Cuento de Catalina Arroyave, estudiante de Comunicación Social de EAFIT, ganador de la versión 11 del concurso de cuento Caminos de la Escritura, organizado por la Escuela de Ciencias y Humanidades de EAFIT.
Un pequeño círculo blanco entra a la boca de Mario y baja por su garganta. “Listo, la de hoy está lista”. Guarda con cuidado en el segundo cajón la caja de pastillas y se va a sentar en la sala para disfrutar del periódico del día.
Mario voltea la tercera página y mira la alacena con puertas de madera. Espera unos instantes. Se dirige sigiloso hasta ella. Busca una mirada que lo descubra, pero no la encuentra. Nadie lo ve. Todos han salido de la casa a triunfar, a buscar con qué llenarse la boca. Al pensar en sus hijos recuerda el aire de piedad que últimamente ronda en sus miradas cuando se le acercan. Se enoja. Está viejo, nada más. Mario abre despacio las compuertas de la alacena para evitar el suave chillido que producen. Ahí está la caja redonda y, dentro de ella, dos dulces de coco y panela. Deseo, tentación, duda: un cuadrado rugoso que, indiferente, lo provoca. Se asegura de estar solo nuevamente y al comprobarlo queda vulnerable ante el veneno de las “panelitas”. Saca la primera. La come entera. Cierra las compuertas. Es culpable.
Angélica, su esposa, entra a la casa mientras Mario va camino a la sala, mirando fijamente el periódico que lo salvará de tener que enfrentarla a los ojos. Angélica lo saluda amorosamente y él finge un aburrimiento propio de mañana de lunes. Su mujer satura el ambiente con palabras y palabras que cuentan de las filas del banco, los precios del mercado, de Don Pablo, el de la farmacia, que mandó a preguntar por los triglicéridos de su amigo. “¿Cuál Pablo?”, pregunta Mario. “El esposo de Nora”, “¿Cuál?”, “El de la farmacia de la esquina, la azul”. Mario recuerda de quién está hablando su mujer, un gran tipo ese Pablo.
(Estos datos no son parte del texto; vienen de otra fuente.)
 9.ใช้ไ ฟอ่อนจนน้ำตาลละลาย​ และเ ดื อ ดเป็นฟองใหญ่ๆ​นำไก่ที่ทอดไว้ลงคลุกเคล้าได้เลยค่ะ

Angélica le pregunta si ya se tomó la pastilla, “¿Cuál pastilla?”, “La de los triglicéridos mi amor”, “Ah…no, no me la he tomado hoy”. Se abre el segundo cajón de la cocina y suena el regaño en el tono repetitivo que hace que las palabras pierdan sentido antes de llegar a los oídos de Mario.
Angélica se acerca sonriente con la pastilla y un vaso de jugo de naranja en las manos. Su actitud pacífica cambia repentinamente. “¡Carajo!”, piensa él. Angélica le quita de la comisura de los labios un trozo de coco acaramelado. Indignada, deja la pastilla y el jugo sobre la mesa. Se va. La inunda un sollozo pero lo contiene hasta que sale de la mirada de su esposo. Mario la mira con tristeza y luego mira con tristeza la alacena pensando en la otra panelita, la que no se comió.
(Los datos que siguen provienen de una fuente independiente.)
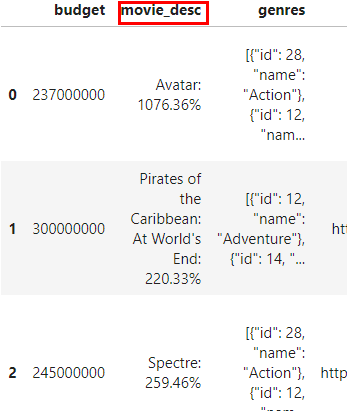 pdp.ApplyToRows(func=lambda row: f"{row['original_title']}: {round(((row['revenue'] / row['budget'] -1)*100), 2)}%"if row['budget'] != 0elsef"{row['original_title']}: 因成本为0故不进行计算",colname='movie_desc',follow_column='budget',func_desc='输出对应电影的盈利百分比').apply(data).head(3)

¡Tanto drama por un par de confites! Las mujeres son exageradas, es así. Mario intenta convencerse de que no es para tanto, pero encuentra involuntariamente el tiquete que trajo Angélica de la farmacia. Mira el número que dice cuántos cientos de miles de pesos le cuesta a su familia y el sabor del coco se le desvanece de la boca. Sabe que debe cuidarse, “Es por mi bien”, se dice, debe esforzarse por mantener alejados los dulces, comer exactamente lo que dice el médico y repiten sus hijos con paciencia.
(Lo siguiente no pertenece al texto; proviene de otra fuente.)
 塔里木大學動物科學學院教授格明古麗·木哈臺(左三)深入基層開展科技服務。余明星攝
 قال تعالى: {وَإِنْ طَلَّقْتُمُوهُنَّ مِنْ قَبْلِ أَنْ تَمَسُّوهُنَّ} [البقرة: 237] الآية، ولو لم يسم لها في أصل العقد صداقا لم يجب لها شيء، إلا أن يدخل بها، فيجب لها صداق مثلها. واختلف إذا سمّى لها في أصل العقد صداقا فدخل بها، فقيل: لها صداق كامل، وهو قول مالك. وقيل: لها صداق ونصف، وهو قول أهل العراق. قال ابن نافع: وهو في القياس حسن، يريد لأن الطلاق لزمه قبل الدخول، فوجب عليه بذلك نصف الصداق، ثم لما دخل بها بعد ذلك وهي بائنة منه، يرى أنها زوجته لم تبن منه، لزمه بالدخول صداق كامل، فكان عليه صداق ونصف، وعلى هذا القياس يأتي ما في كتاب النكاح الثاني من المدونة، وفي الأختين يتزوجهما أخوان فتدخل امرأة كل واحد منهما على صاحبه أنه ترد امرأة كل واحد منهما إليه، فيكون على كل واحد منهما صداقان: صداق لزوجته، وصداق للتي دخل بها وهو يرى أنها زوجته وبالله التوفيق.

Angélica entra a la sala echándose crema en las manos y con los labios recién pintados. Coge su bolso y se dirige a la puerta para salir. La rabia de unos instantes atrás no ha quedado del todo en el pasado, pero su actitud es distinta. Nota en ella la misma piedad que hay en los ojos de sus hijos. “La cita con el psicólogo es mañana y no se te olvide hacer los ejercicios”. “Yo sé, a las 9 de la mañana hay que estar allá”. Angélica lo besa y se va en silencio.
Mario abre su periódico. Lee la segunda página del diario, hace un par de comentarios al aire acerca de la situación del país, de un criminal que ha sido absuelto, del Presidente al que quieren reelegir. Niega con la cabeza, absorto en sus ideas. Ve la pastilla que hay sobre la mesa y recuerda que debe tomársela. La toma, el círculo pequeño y blanco entra en su boca y baja por la garganta. Para pasar, toma un poco de jugo de naranja que le deja un terrible sabor ácido en la boca. Debería comerse un dulce. Uno sólo está bien, no le hará daño, menos si es el primero del día. Mario camina hasta la alacena. Abre las compuertas de madera. Se come una panelita.